Safety stock is surplus inventory held by an organization to help reduce the risk of running out of stock or going “line down” during manufacturing.
Safety stock management is a proactive approach to inventory management that attempts to establish a minimum amount of inventory to keep on hand as a buffer against demand (sales) surges or supply shortages. This is in contrast to reactive approaches that trigger procurement activities only when material demand is imminent. In most cases, the two approaches are used together depending on a number of factors. For example, safety stock may be maintained only for items that are low cost or take a long time to acquire.
Managing safety stock properly is just as much about keeping enough material on hand to satisfy demand as it is about reducing the amount of safety stock to avoid excessive idle inventory. Proper use of available tools and establishing reliable workflows and inventory policies can help your organization run lean and efficiently.
There are a lot of levers and dials available in the realm of safety stock. Managing this machine efficiently will help you reduce idle inventory, smooth lead times, and reduce or eliminate line-down situations. Below are a few things to consider.
Out of Stock or Line Down
The primary goal of maintaining safety stock is to reduce the risk of running out of inventory and being unable to satisfy customer demand. This is the only revenue-focused goal of safety stock management. All other goals are cost-centric.
The risk of running out of stock is determined by accurate forecasting of customer demand which may not always be possible. If demand is generally predictable, it’s relatively easy to estimate how much on-hand inventory you need to maintain between replenishment cycles (builds).
If demand is more sporadic, safety stock management becomes more of a challenge. If holding costs (see below) are high, it may be preferred to put customer orders in queue and ship orders with a lead time. If holding costs are more reasonable, a larger buffer may be preferred to making customers wait.
A compromise may also be acceptable. For example, keeping a small amount of inventory for small off-the-shelf orders while subjecting larger orders to lead times. Since larger orders are often placed by more sophisticated buyers with their own safety stock policies, this approach can reduce the pain for most customers and still keep holding costs low.
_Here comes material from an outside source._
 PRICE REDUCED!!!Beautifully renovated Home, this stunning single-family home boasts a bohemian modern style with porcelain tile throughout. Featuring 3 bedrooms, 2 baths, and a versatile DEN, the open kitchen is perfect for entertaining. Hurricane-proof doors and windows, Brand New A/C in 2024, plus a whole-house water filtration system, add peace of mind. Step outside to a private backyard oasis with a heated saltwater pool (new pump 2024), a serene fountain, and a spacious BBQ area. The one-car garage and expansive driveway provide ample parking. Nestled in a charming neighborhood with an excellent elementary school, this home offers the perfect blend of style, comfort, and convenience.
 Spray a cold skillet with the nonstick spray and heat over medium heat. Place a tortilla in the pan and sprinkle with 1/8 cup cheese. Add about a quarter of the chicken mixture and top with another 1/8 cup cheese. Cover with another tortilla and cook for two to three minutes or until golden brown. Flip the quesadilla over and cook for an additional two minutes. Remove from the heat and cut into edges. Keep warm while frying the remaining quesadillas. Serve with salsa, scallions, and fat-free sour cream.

Idle inventory has an associated cost known as the holding cost. In most cases, idle inventory is not appreciating, so the money invested in materials on the shelf is not operating profitably. Therefore, there is a benefit to keeping safety stock as low as possible without doing harm in some other way. Item cost should be a major factor when setting target inventory quantities.
Lead time is the period from the point in time when an order is placed with a vendor and the point in time when the material arrives. Some items have consistently longer lead times than others. Some items have a lot of variability in lead time. If lead times are consistent and your material demand is predictable, you may be able to reduce target inventory quantity. If there is a lot of variability in lead time, it may not be possible to plan ahead accurately. In this case, more safety stock buys a little extra margin to account for the lead time variation.
Supply Chain Simplification
Many commodity items such as electronic resistors are available from multiple sources. This can afford some flexibility in sourcing but at the expense of communicating the temporary deviations to manufacturing. Trying to buy from a single source can simplify your supply chain management, create a more consistent product, a more consistent receiving process, and reduce inventory bins. For inexpensive parts, it might make sense to increase safety stock levels to help simplify purchasing and production.
Production Costs of Intermediary Products
If production comprises multiple stages of intermediary subassemblies, each one likely has different economics involved. Some stages may have relatively stable costs regardless of the production volume while others might require significant setup costs, driving up the price of low-volume production. If this is the case, setting higher target minimums or broader target ranges will allow you to run larger volumes to reduce setup costs.
As an example, consider a locally-sourced gear made with additive manufacturing (3D printing) compared to an injection-molded plastic widget. The production cost of the gear is likely to be relatively consistent from low to high volume. At low volume, however, the injection-molded widget will be dominated by the setup cost. Running large lot sizes of the widget and allowing a broader target range may be appropriate.
We recommend a few simple guidelines to effectively manage your safety stock levels with Aligni.
Set Minimum and Maximum Targets
When only a minimum is established, it can be unclear what quantity of an item to purchase when it needs to be replenished. With an established maximum target, buyers can more efficiently aim for the target range. Efficient safety stock ranges strike a balance between order size, order frequency, and the corresponding holding costs.
Review Targets Periodically
Product sales and demand change over time. Item lead times can change as well. It is important to revisit item safety stock targets regularly to avoid mismatches between target ranges and demand requirements.
Aligni’s safety stock history can help during this review process. You can see how often an item enters and exits the replenishment list. This can help determine if a particular item is being cycled more often than you’d like.
Use the Snooze
Sometimes an item’s target range is adjusted just right when you encounter a temporary lull in demand. The snooze button can hide the item from view for a little while without an unnecessary change in the target range.
The nature of safety stock is that there is not always an immediate need for some items. Use Aligni’s priorities and status indicators to help guide your efforts and organize replenishment activities.